_AIM OF THE TASK:_ What is needed is an exact copy of the records below, with the pictures left out.

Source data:

—————

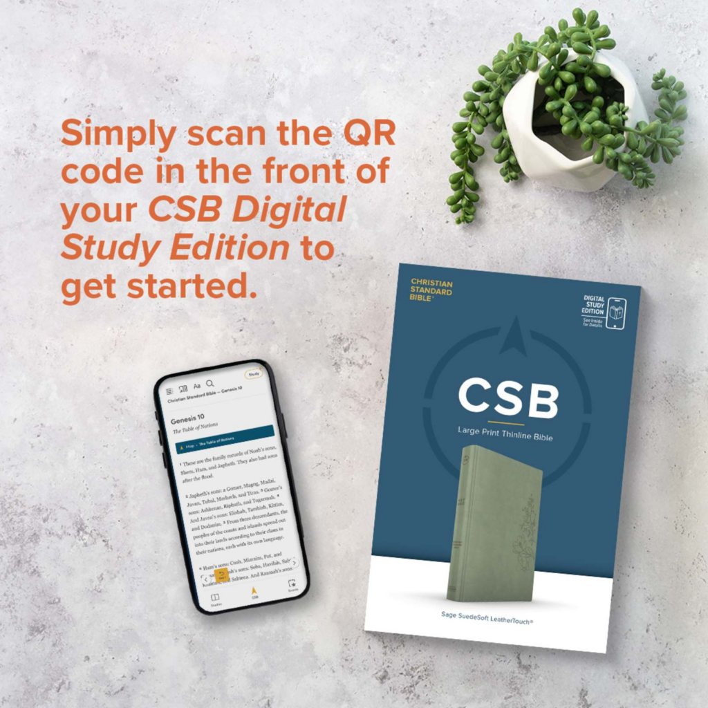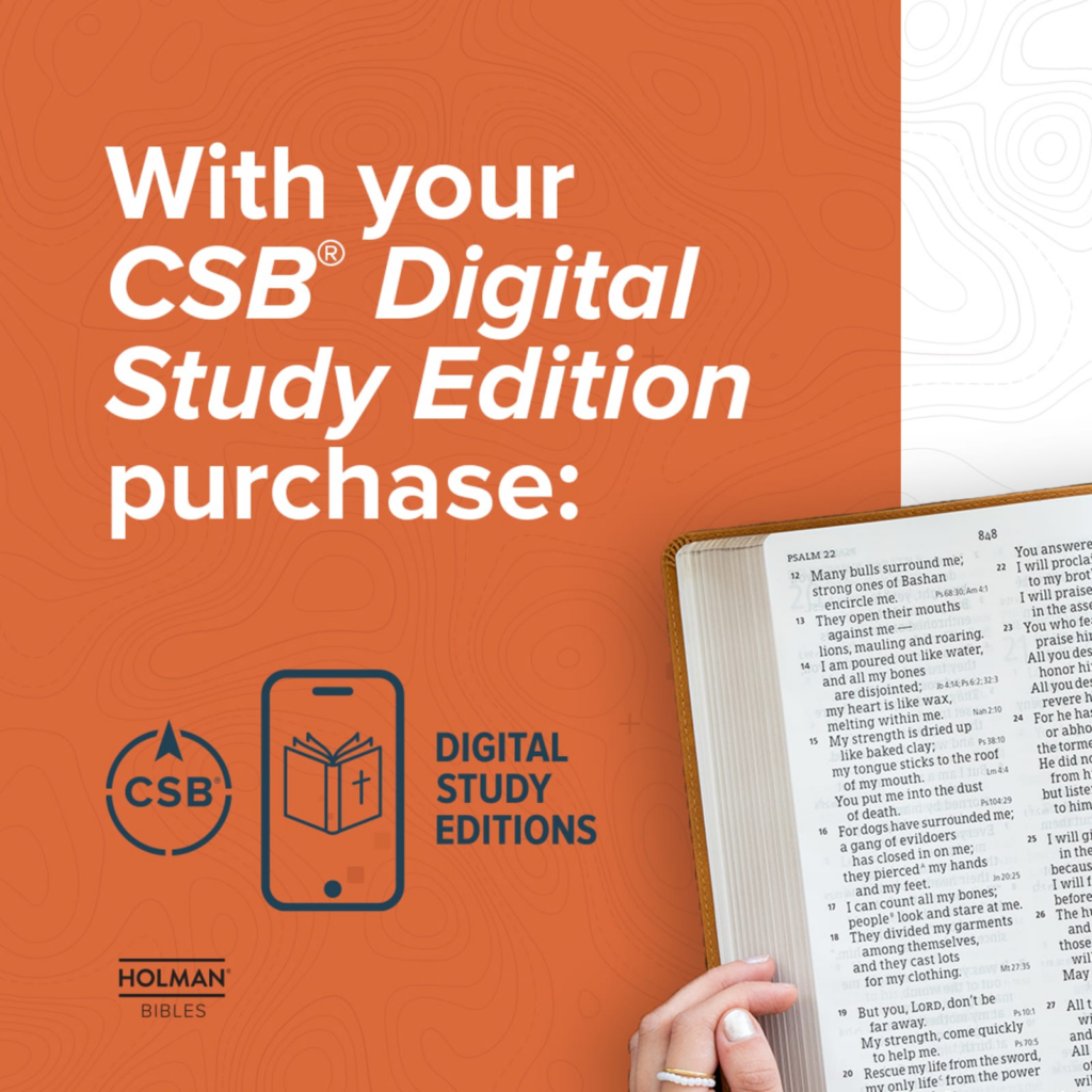 This Digital Study Edition is equipped with exclusive free app access to the digital version of the CSB Study Bible and full text of the Christian Standard Bible® (CSB). Accessible via smartphone or tablet, the ECPA award-winning Holman study system includes extensive study notes, word studies, articles, and other digital study tools that turn this affordable text Bible into a powerful and robust study resource.
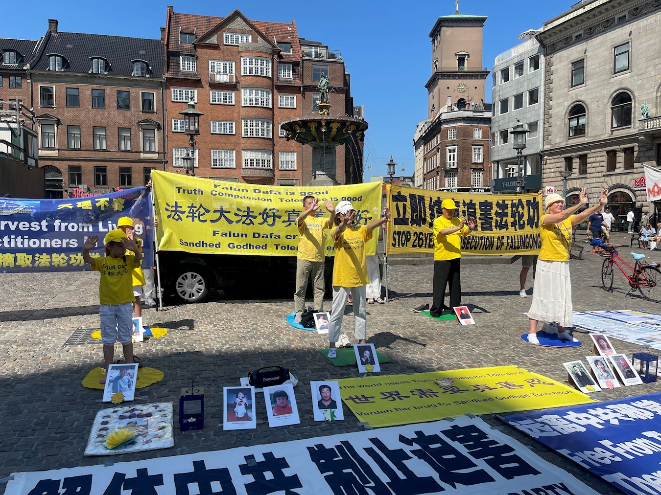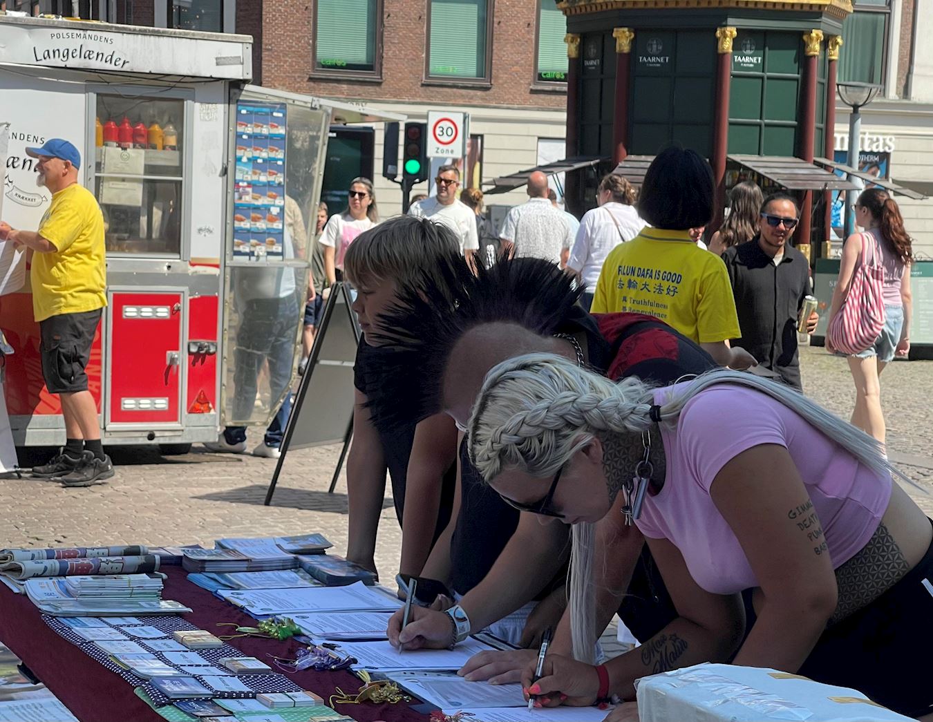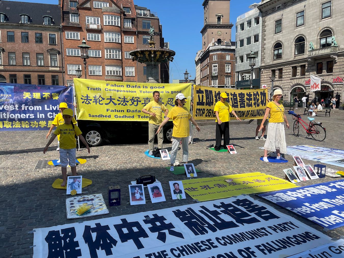 夏日的北欧天气是一年中最好的季节,周末正是人们享受大自然的好时光。 位于闹市区步行街旁的老广场人头攒动,熙熙攘攘。法轮功学员们拉起了中英文横 幅:“立即停止迫害法轮功!”“立即制止中共活体摘取法轮功学员器官。”“法轮大法好!真善忍好!”向民众传递着法轮大法的真相。
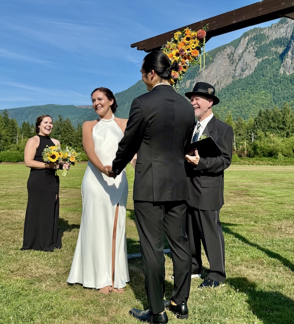 On 8/9/25, I had the great honor to officiate the wedding of my niece Nicole Lyon and her fiancé Stephen Arifin just outside Seattle, WA, near Snoqualmie.
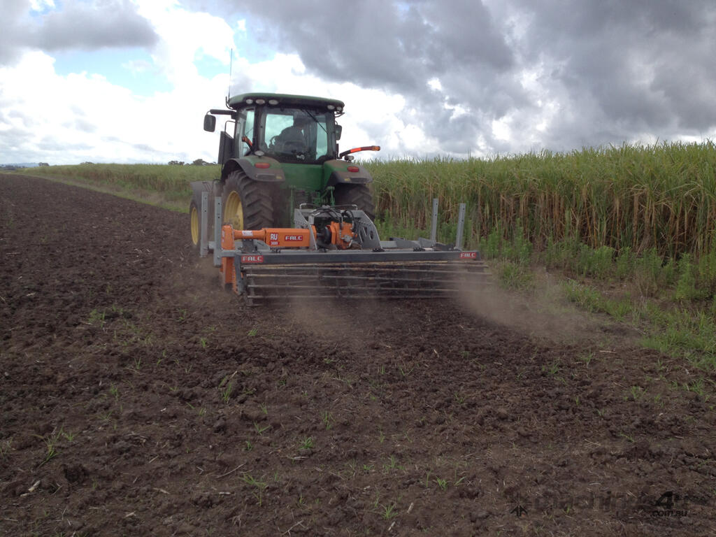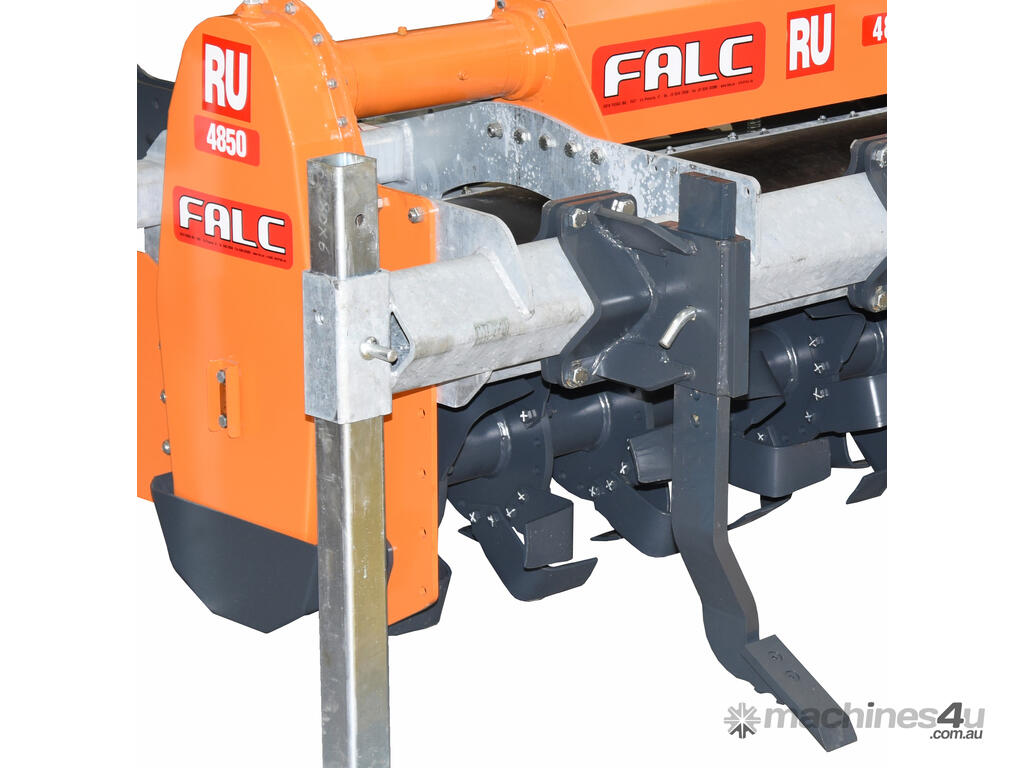 The FALC RU is rubber body rotary hoe for working in sticky soil conditions. The Heavy-duty Galvanised frame has strong front and rear toolbars for the attachment of various tool options. The heavy-duty drive line with 300 hp gearbox and simple shear-pin protection and chain-drive system is simple to operate and service.
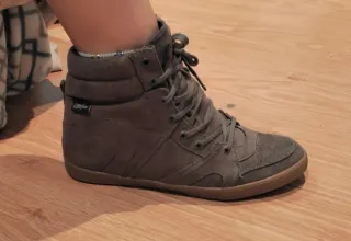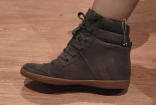 Botín con cuña interior en tonos grises y marrones. - Diseño de caña alta. - Cierre con cordones. - Detalle de perforaciones. - Etiqueta de marca en el lateral.
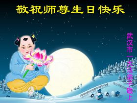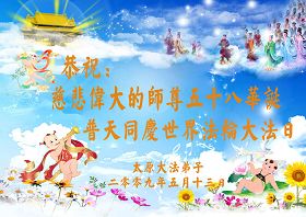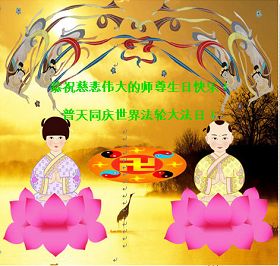 在慈悲伟大的师尊华诞和第十届法轮大法日来临之际,我一家人恭贺师尊生日快乐!法轮大法洪贯苍宇!!! 云南省全体大法弟子恭祝慈悲伟大的师父生日快乐!
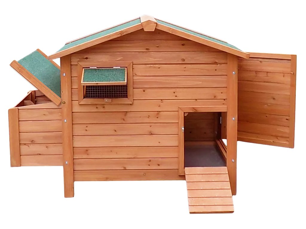 Kurník pro slepice je vybaven hřadami pro noční odpočinek slepic. Součástí kurníku jsou také dvě vnější kukaně, v kterých budou mít slepice dostatek prostoru a klidu pro snášení vajec. Získávání vajíček přitom je velice jednoduché, k jejich vyzvednutí stačí pouze zvednout střechu snáškových hnízd. Zároveň nehrozí, že by do kurníku zateklo, protože střecha vodotěsná. Cirkulaci vzduchu v kurníku zajišťuje přední vyklápěcí okénko.

—————

_REPLY:_
 This Digital Study Edition is equipped with exclusive free app access to the digital version of the CSB Study Bible and full text of the Christian Standard Bible® (CSB). Accessible via smartphone or tablet, the ECPA award-winning Holman study system includes extensive study notes, word studies, articles, and other digital study tools that turn this affordable text Bible into a powerful and robust study resource.
 夏日的北欧天气是一年中最好的季节,周末正是人们享受大自然的好时光。 位于闹市区步行街旁的老广场人头攒动,熙熙攘攘。法轮功学员们拉起了中英文横 幅:“立即停止迫害法轮功!”“立即制止中共活体摘取法轮功学员器官。”“法轮大法好!真善忍好!”向民众传递着法轮大法的真相。
 On 8/9/25, I had the great honor to officiate the wedding of my niece Nicole Lyon and her fiancé Stephen Arifin just outside Seattle, WA, near Snoqualmie.
 The FALC RU is rubber body rotary hoe for working in sticky soil conditions. The Heavy-duty Galvanised frame has strong front and rear toolbars for the attachment of various tool options. The heavy-duty drive line with 300 hp gearbox and simple shear-pin protection and chain-drive system is simple to operate and service.
 Botín con cuña interior en tonos grises y marrones. - Diseño de caña alta. - Cierre con cordones. - Detalle de perforaciones. - Etiqueta de marca en el lateral.
 在慈悲伟大的师尊华诞和第十届法轮大法日来临之际,我一家人恭贺师尊生日快乐!法轮大法洪贯苍宇!!! 云南省全体大法弟子恭祝慈悲伟大的师父生日快乐!
 Kurník pro slepice je vybaven hřadami pro noční odpočinek slepic. Součástí kurníku jsou také dvě vnější kukaně, v kterých budou mít slepice dostatek prostoru a klidu pro snášení vajec. Získávání vajíček přitom je velice jednoduché, k jejich vyzvednutí stačí pouze zvednout střechu snáškových hnízd. Zároveň nehrozí, že by do kurníku zateklo, protože střecha vodotěsná. Cirkulaci vzduchu v kurníku zajišťuje přední vyklápěcí okénko.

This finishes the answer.